Quiconque prévoit plusieurs jours sans véhicule personnel devrait consulter l’itinéraire Monténégro sans voiture avant de conclure que Murići est totalement hors de portée — c’est possible, à condition de dépendre d’un transport organisé plutôt que d’une location.

Pour la question plus large de combien de temps consacrer à toute cette zone, le guide combien de jours à Kotor et dans la baie et le guide du budget journalier au Monténégro aident tous deux à cadrer les attentes avant de fixer un itinéraire qui tente de caser le lac de Skadar à côté de la côte et des montagnes.

Plage de Murići : questions fréquentes

La plage de Murići est-elle de sable ou de galets ?

Du sable et du gravier fin, ce qui est inhabituel au Monténégro — la plupart des plages près de Kotor et le long de la côte sont de galets. Le fond du lac près du rivage est lui aussi surtout sablonneux, ce qui rend l’entrée dans l’eau plus douce sous les pieds que sur une plage côtière typique.

Comment aller à Murići sans voiture ?

Il n’existe pas de bus public direct jusqu’à Murići. Les options réalistes sont une excursion organisée sur le lac de Skadar incluant la plage, un chauffeur engagé pour la journée, ou une balade en bateau depuis Virpazar qui atteint la rive sud du lac sans emprunter la piste d’accès du tout.

Le dernier tronçon de route est-il vraiment non goudronné ?

Oui. L’itinéraire est goudronné jusqu’au village de Godinje, après quoi environ trois kilomètres se déroulent sur de la terre battue et du gravier compacté jusqu’à la plage. C’est praticable avec une voiture standard par temps sec, mais la piste devient défoncée et boueuse après la pluie, et il vaut mieux l’éviter de nuit.

L’eau de Murići est-elle propre et sûre pour la baignade ?
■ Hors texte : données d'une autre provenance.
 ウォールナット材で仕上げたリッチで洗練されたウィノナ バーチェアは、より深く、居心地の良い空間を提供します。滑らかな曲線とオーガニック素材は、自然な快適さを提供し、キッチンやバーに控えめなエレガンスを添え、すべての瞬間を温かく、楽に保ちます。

Le lac est généralement considéré comme baignable pendant les mois d’été, avec une clarté qui varie selon la saison et les pluies — la plus limpide après une période sèche, plus trouble après des orages qui charrient du limon depuis les rivières qui alimentent le lac. Il n’y a pas de maître-nageur, considérez donc cela comme une baignade en eau libre non surveillée.
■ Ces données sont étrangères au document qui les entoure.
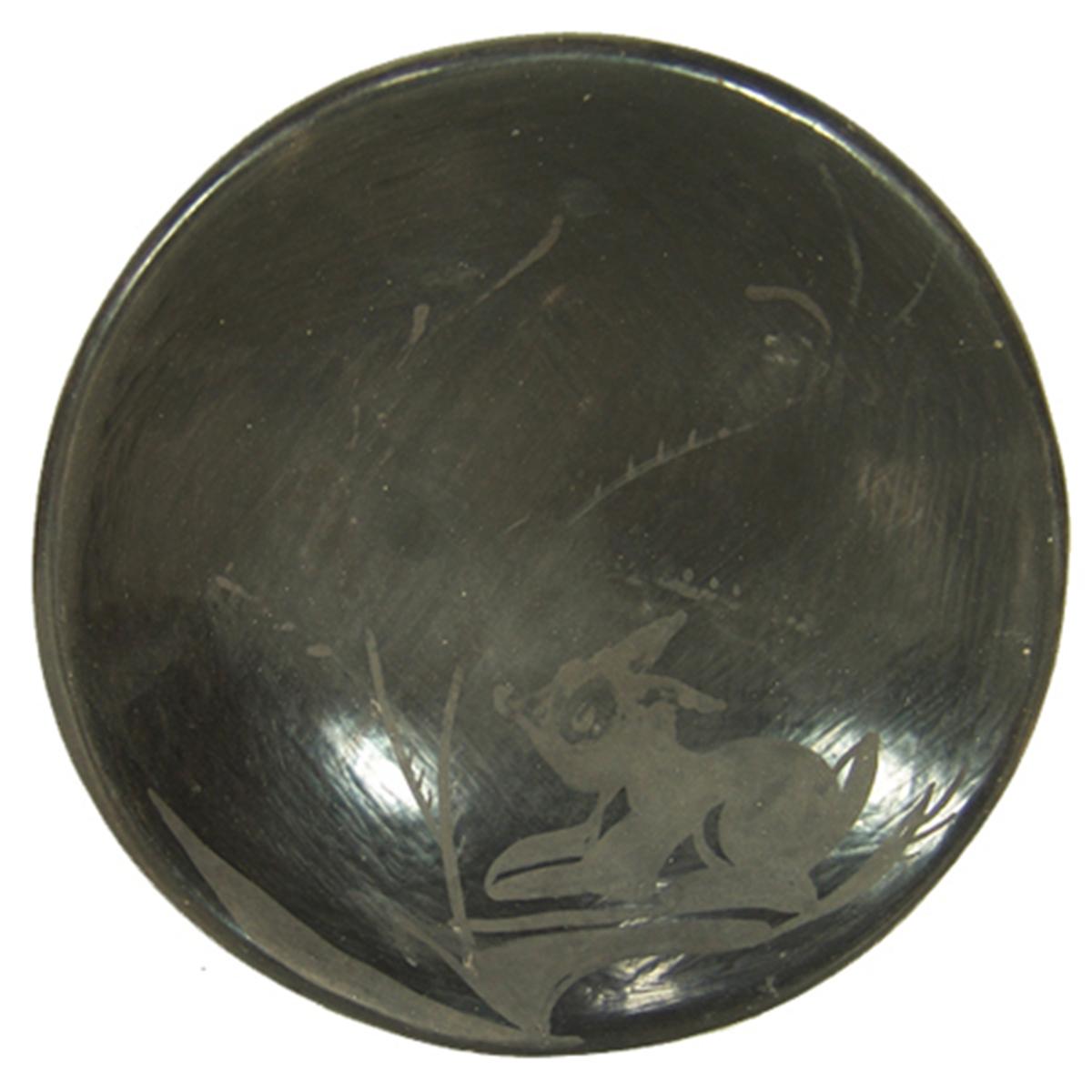Small black-on-black pottery plate showing a fawn under a tree. Signed "Marie Santa Clara". Condition: very good. 6-1/4" x 1"

Qu’est-ce que le monastère de Murići, et peut-on le visiter ?

C’est un petit monastère orthodoxe à quelques minutes à pied en montée depuis le parking de la plage, d’origine médiévale et reconstruit au fil des siècles. Il n’y a ni billet ni horaires fixes ; les visiteurs peuvent généralement faire le tour de la cour, et doivent s’habiller de façon correcte si l’église elle-même se trouve ouverte.

Murići vaut-elle le trajet par rapport aux plages côtières près de Kotor ?

Seulement si la baignade en eau douce et une plage plus calme vous séduisent vraiment plus que la commodité. Les plages côtières autour de Kotor et de Budva sont bien plus proches et mieux équipées ; Murići échange cette commodité contre du sable au lieu de galets, l’absence d’oursins, et nettement moins de monde, au prix d’un long trajet avec un dernier tronçon non goudronné.

Y a-t-il des restaurants, des toilettes ou de l’ombre à Murići ?

Quelques bars simples et saisonniers fonctionnent en été avec une offre limitée de nourriture et de boissons, mais rien ne garantit leurs horaires d’ouverture, il n’y a pas de vrais blocs sanitaires, et seulement de l’ombre naturelle éparse grâce à quelques arbres. Apportez de l’eau, une protection solaire et des espèces, et n’attendez pas des équipements dignes d’un complexe côtier.